Building an AWS Solutions Architect Agent with Strands, LM Studio, and MCP Tools
Running AI agents locally has never been more accessible. In this tutorial, you’ll learn how to build a sophisticated AWS Solutions Architect agent that runs entirely on your machine using LM Studio, extended with powerful AWS documentation tools through the Model Context Protocol (MCP).
What You’ll Build
By the end of this guide, you’ll have:
- A conversational AI agent running on your local LM Studio instance
- Custom AWS architecture tools for VPC design, compute recommendations, and cost estimation
- Integration with AWS’s official MCP server for real-time documentation access
- A complete solutions architect assistant that can answer questions about AWS services, regional availability, and best practices
Prerequisites
Before we begin, make sure you have:
- Python 3.8 or higher installed
- [LM Studio](https://lmstudio.ai/) downloaded and installed
- A local LLM model loaded in LM Studio (I recommend Llama 3 or Mistral variants)

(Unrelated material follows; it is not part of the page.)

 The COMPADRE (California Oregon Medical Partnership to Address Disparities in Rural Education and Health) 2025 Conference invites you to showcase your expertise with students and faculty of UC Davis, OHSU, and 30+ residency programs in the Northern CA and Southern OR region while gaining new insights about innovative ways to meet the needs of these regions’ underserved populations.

- Basic familiarity with Python and AWS concepts
Part 1: Setting Up Your First Strands Agent with LM Studio
Install Dependencies
First, create a new project directory and install the required packages:
pip install strands-agents openai
Create Your First Agent
Strands makes it incredibly simple to connect to LM Studio. Create a file called strands_agent.py:
from strands import Agent
from strands.models.openai import OpenAIModel
# Configure OpenAI-compatible model pointing to LM Studio
model = OpenAIModel(
client_args={
"api_key": "lm-studio", # LM Studio doesn't require a real key
"base_url": "http://localhost:1234/v1",
},
model_id="local-model", # LM Studio typically uses this identifier
params={
"max_tokens": 1000,
"temperature": 0.7,
}
)
# Create Strands agent with LM Studio as the LLM provider
agent = Agent(
name="LMStudioChatAgent",
system_prompt="You are a helpful AI assistant. Provide clear, concise, and accurate responses.",
model=model
)
def main():
print("Strands Agent with LM Studio")
print("=" * 50)
print("Make sure LM Studio is running on http://localhost:1234")

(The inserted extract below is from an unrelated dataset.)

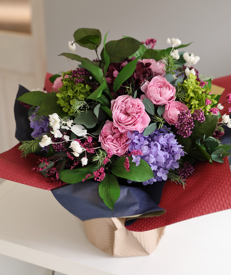 花 定期便 全12回 オシャレブーケ (初回花瓶付) 花 12ヶ月 (延命剤付) 季節の花 生花 花 定期便 ブーケ 下出生花店 飛騨高山 BB100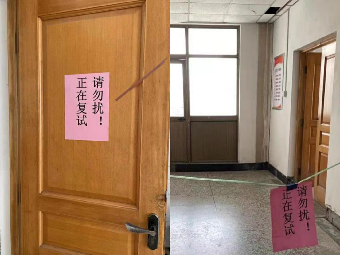 复试场所经过重新改造,环境整洁美观,配有充电接口、接线板、手机支架等,学院专门购置了落地三脚架等线上复试设备,复试场所周围贴上了提示标语,全力为线上复试学生解决硬件设备和复试环境问题。有需求的学生提前向学院提出申请,做好预约登记。

print("Type 'quit' to exit")
print("=" * 50)
while True:
user_input = input("\nYou: ").strip()
if user_input.lower() == 'quit':
print("Goodbye!")
break
if not user_input:
continue
# Run the agent with the user's message
response = agent(user_input)
print(f"\nAssistant: {response}")
if __name__ == "__main__":
main()
Start LM Studio
- Open LM Studio
- Load your preferred model (e.g., Llama 3.1 8B)

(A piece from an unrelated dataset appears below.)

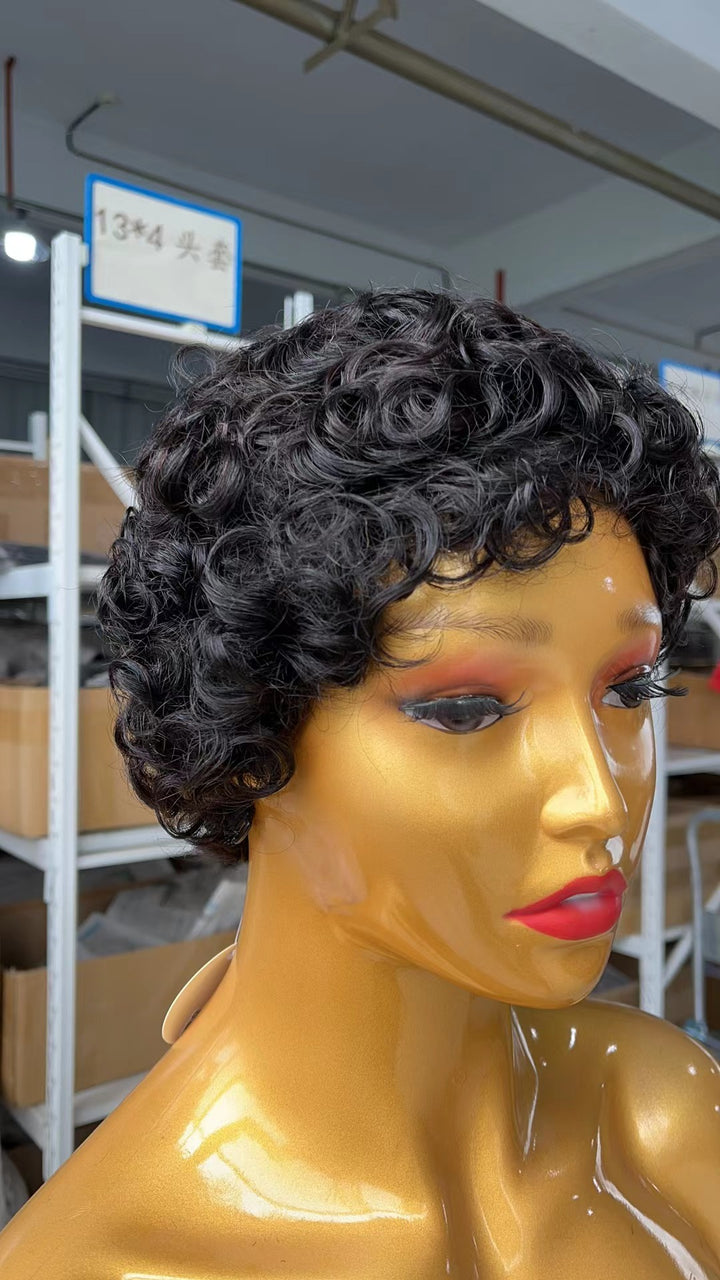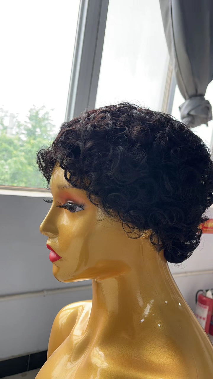 AMZ Pixie Cut Curly Bob 100% Human Hair Full Machine Made None Lace Gift Wigs

- Navigate to the “Local Server” tab
- Click “Start Server” (it will run on http://localhost:1234 by default)
Run Your Agent
python strands_agent.py
You now have a working conversational agent running entirely on your local machine! The beauty of Strands is that it automatically handles conversation history, so your agent maintains context across multiple turns.
Part 2: Extending to an AWS Solutions Architect
Now let’s transform this basic agent into a specialized AWS Solutions Architect by adding custom tools.
Understanding Strands Tools
Strands uses the @tool decorator to expose Python functions to your agent. The agent can intelligently decide when to call these functions based on user queries.
Create AWS Architecture Tools
Create aws_architect_agent.py with specialized AWS tools:
from strands import Agent, tool
from strands.models.openai import OpenAIModel
# Define AWS architecture tools
@tool
def design_vpc(cidr_block: str, availability_zones: int = 2) -> str:
"""Design a VPC architecture with subnets across availability zones.
Args:
cidr_block: The CIDR block for the VPC (e.g., "10.0.0.0/16")
availability_zones: Number of availability zones to use (default: 2)
"""
return f"""
VPC Architecture Design:
- VPC CIDR: {cidr_block}
- Availability Zones: {availability_zones}
- Public Subnets: {availability_zones} (one per AZ)
- Private Subnets: {availability_zones} (one per AZ)
- NAT Gateways: {availability_zones} (one per AZ for high availability)
- Internet Gateway: 1
- Route Tables: 2 (public and private)
Recommended subnet allocation:
{chr(10).join([f" AZ-{i+1} Public: {cidr_block.split('/')[0].rsplit('.', 1)[0]}.{i*16}.0/20" for i in range(availability_zones)])}
{chr(10).join([f" AZ-{i+1} Private: {cidr_block.split('/')[0].rsplit('.', 1)[0]}.{i*16+128}.0/20" for i in range(availability_zones)])}
"""
@tool
def recommend_compute(workload_type: str, expected_traffic: str) -> str:
"""Recommend compute services based on workload characteristics.
Args:
workload_type: Type of workload (e.g., "web", "batch", "microservices", "ml")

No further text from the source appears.